Pass the conformance suite at bernstein.core.sandbox.conformance.SandboxBackendConformance.
Import provider SDKs lazily (inside methods or behind TYPE_CHECKING) so importing the backend module never crashes on a missing SDK.

Integration¶

SandboxBackend / SandboxSession / SandboxCapability / WorkspaceManifest live in src/bernstein/core/sandbox/.
Eight first-party backends ship (worktree & docker in core; e2b, modal, daytona, blaxel, runloop, and vercel as optional extras).
AgentSpawner accepts an optional sandbox_session parameter; when None it falls back to the direct-worktree path.
bernstein agents sandbox-backends lists installed backends.
plan.yaml accepts an optional sandbox: block per stage.

Observability¶

Each backend create/destroy cycle emits WAL + Prometheus metrics:

sandbox_session_created{backend=..., session_id=...}
sandbox_session_destroyed{backend=..., duration_seconds=...}
sandbox_exec_count{backend=..., exit_code=...}

Conformance¶

SandboxBackendConformance (in src/bernstein/core/sandbox/conformance.py) is a parametrised pytest class any backend can subclass to get a complete protocol test coverage suite.

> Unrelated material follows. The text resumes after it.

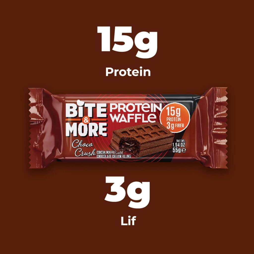 Bite & More Chocolate Protein waffle delivers the perfect balance of light crispiness and rich cocoa flavor. With 20% protein, this snack helps you stay energized and satisfied, offering a guilt-free way to enjoy chocolate. Designed for busy lifestyles, it’s the ideal treat for office breaks, pre- or post-workout recovery, or simply when sweet cravings hit.

Backends declaring SANDBOX_CAPABILITY.SNAPSHOT additionally get the snapshot/resume round-trip test automatically.

The worktree backend runs the conformance suite in unit tests (tests/unit/sandbox/test_backend_protocol.py). Docker / E2B / Modal conformance lives under tests/integration/sandbox/; those tests auto-skip without a live daemon or provider credentials.

Security considerations¶

worktree does not isolate at the kernel level. If you need to run untrusted code you must choose a sandboxed backend.
docker should be run with network_disabled=True for untrusted workloads; the default leaves network enabled because most agent tasks legitimately need outbound HTTP.
e2b and modal run untrusted code by design; their isolation posture is the provider's responsibility.
Snapshot IDs are opaque to callers but may contain sensitive state. Do not log them at INFO level without redaction.